_PROBLEM DETAILS_
Restate, word for word and with nothing added, the lines from the one containing "My friend over" through the last line of the material below.

_TASK INPUT_
_ _ _ _ _ _ _

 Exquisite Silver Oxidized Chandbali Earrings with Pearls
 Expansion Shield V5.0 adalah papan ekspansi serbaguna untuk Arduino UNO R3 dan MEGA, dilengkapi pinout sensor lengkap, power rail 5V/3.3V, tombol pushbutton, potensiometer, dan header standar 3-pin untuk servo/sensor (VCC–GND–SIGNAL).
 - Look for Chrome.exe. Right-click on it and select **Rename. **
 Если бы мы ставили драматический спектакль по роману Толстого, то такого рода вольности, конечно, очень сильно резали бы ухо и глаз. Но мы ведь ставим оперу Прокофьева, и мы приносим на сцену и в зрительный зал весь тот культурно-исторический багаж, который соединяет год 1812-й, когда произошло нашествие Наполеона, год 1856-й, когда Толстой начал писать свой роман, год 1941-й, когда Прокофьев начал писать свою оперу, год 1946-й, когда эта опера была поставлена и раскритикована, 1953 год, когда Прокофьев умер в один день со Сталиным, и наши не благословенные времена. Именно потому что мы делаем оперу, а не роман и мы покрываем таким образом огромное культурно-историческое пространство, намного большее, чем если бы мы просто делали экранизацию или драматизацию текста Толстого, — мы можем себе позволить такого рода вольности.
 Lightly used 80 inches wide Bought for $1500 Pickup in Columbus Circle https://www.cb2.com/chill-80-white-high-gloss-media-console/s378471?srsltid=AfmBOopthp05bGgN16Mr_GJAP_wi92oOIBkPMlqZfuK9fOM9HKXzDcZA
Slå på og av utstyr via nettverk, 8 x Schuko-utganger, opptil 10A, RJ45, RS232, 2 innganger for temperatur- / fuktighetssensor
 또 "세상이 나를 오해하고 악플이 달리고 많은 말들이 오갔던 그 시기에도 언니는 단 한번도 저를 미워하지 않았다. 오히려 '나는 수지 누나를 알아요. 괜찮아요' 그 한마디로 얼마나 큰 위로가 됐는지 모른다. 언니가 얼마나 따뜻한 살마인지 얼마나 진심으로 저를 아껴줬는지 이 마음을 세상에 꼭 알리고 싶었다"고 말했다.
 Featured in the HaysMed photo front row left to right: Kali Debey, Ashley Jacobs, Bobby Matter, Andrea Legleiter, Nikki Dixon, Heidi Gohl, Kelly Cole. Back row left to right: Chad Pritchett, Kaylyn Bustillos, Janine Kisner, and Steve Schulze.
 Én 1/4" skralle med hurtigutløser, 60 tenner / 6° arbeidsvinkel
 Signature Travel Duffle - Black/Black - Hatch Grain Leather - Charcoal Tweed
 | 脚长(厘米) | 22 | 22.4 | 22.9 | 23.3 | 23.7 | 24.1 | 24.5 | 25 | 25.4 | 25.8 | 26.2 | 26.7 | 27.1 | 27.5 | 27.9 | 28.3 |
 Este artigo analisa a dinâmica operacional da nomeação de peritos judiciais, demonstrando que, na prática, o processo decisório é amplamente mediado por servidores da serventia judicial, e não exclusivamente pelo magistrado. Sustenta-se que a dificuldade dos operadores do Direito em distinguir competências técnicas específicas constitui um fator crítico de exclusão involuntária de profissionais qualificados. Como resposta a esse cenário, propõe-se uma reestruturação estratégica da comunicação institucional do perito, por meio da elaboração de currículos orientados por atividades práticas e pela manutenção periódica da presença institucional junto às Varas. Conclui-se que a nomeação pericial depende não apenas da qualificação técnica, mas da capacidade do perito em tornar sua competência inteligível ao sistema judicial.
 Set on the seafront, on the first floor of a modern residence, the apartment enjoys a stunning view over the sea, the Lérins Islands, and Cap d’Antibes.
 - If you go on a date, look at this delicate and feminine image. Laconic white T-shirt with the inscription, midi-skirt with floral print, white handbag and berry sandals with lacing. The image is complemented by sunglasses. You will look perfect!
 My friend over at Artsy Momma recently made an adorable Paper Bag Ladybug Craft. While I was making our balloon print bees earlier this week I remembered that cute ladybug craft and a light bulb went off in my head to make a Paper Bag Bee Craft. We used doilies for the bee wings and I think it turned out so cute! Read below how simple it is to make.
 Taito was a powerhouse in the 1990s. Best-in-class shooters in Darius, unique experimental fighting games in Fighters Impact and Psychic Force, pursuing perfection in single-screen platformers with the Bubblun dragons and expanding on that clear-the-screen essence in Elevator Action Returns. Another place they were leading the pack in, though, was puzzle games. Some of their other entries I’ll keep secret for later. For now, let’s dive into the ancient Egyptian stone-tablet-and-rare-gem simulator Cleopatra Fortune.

_ _ _ _ _ _ _

_TASK RESULT_
 My friend over at Artsy Momma recently made an adorable Paper Bag Ladybug Craft. While I was making our balloon print bees earlier this week I remembered that cute ladybug craft and a light bulb went off in my head to make a Paper Bag Bee Craft. We used doilies for the bee wings and I think it turned out so cute! Read below how simple it is to make.
 Taito was a powerhouse in the 1990s. Best-in-class shooters in Darius, unique experimental fighting games in Fighters Impact and Psychic Force, pursuing perfection in single-screen platformers with the Bubblun dragons and expanding on that clear-the-screen essence in Elevator Action Returns. Another place they were leading the pack in, though, was puzzle games. Some of their other entries I’ll keep secret for later. For now, let’s dive into the ancient Egyptian stone-tablet-and-rare-gem simulator Cleopatra Fortune.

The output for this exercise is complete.